RECORDED DATA:
━━━━━━━━━━━━━━━━

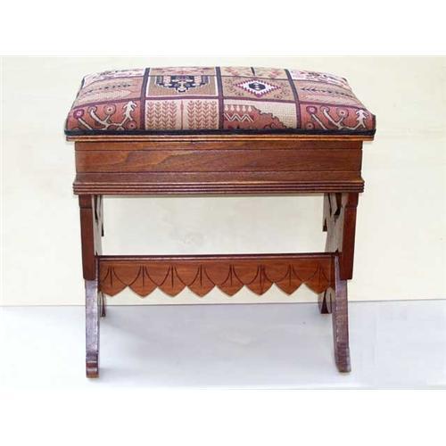 Here we have an Eastlake Sewing Bench. This bench has beautiful carved wood in the Eastlake Style. The top of the bench has been professionally recovered with a wonderful designer tapestry and opens to reveal a storage area. It is in Mint Condition. The piece is from Circa Early 1900's. It measures 17 1/2 inches High, 18 inches long, and 10 1/2 inches wide.
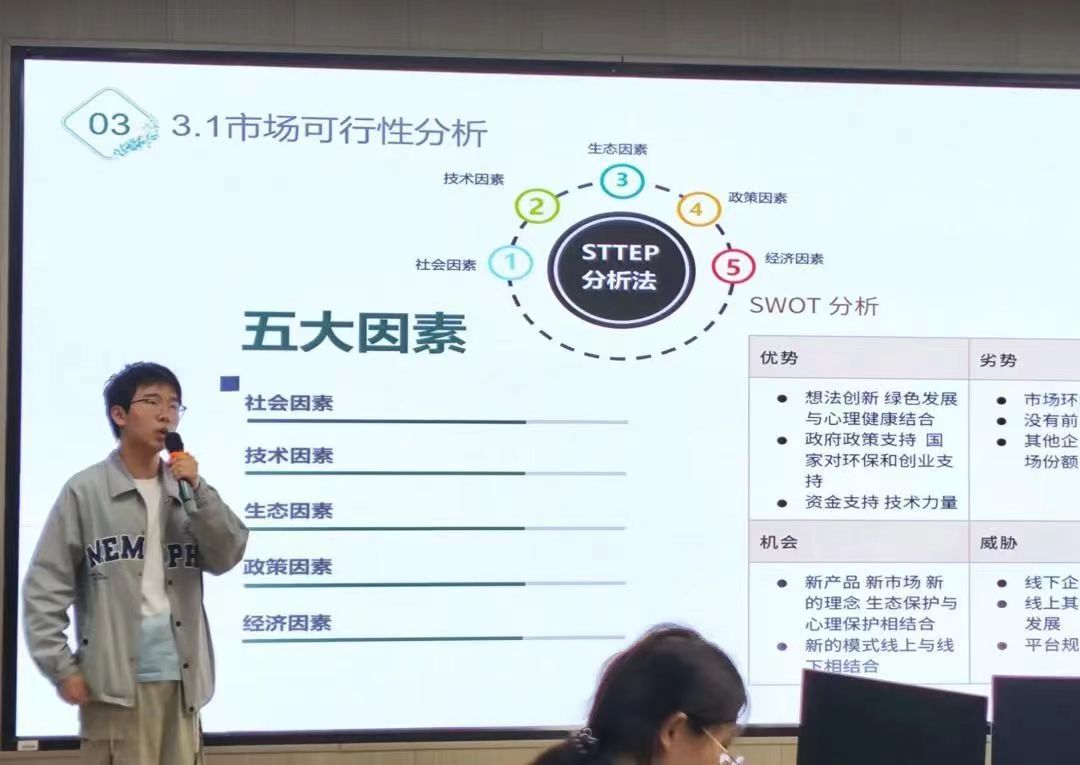 本次挑战杯拟设科技创新和未来产业、乡村振兴和农业农村现代化、生态文明建设和绿色低碳发展、社会治理和公共服务4个组别,且共有16个队伍积极参与。同时,特邀球友会的团总支书记郭庆老师,辅导员刘琪老师,孙雄进老师担任评委,对参赛作品进行了提问与评价。
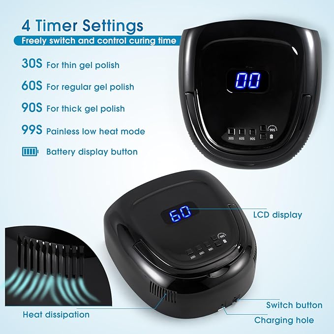 - [4 Timer Settings] Featuring a display screen, the nail lamp allows you to easily view and select the curing time. With timer settings of 30s, 60s, 90s, and 99s, it caters to the needs of beginners and experienced manicurists. You can choose the appropriate curing time based on the thickness of the gel. The 99s low heat design provides temperature protection for your hands, ensuring a painless curing process.

━━━━━━━━━━━━━━━━

ACTIVITY: All that is wanted is the lines from the one holding "本次挑战杯拟设科技创新和未来" through the end of the material, duplicated exactly, with no pictures.

EXERCISE ANSWER:
 本次挑战杯拟设科技创新和未来产业、乡村振兴和农业农村现代化、生态文明建设和绿色低碳发展、社会治理和公共服务4个组别,且共有16个队伍积极参与。同时,特邀球友会的团总支书记郭庆老师,辅导员刘琪老师,孙雄进老师担任评委,对参赛作品进行了提问与评价。
 - [4 Timer Settings] Featuring a display screen, the nail lamp allows you to easily view and select the curing time. With timer settings of 30s, 60s, 90s, and 99s, it caters to the needs of beginners and experienced manicurists. You can choose the appropriate curing time based on the thickness of the gel. The 99s low heat design provides temperature protection for your hands, ensuring a painless curing process.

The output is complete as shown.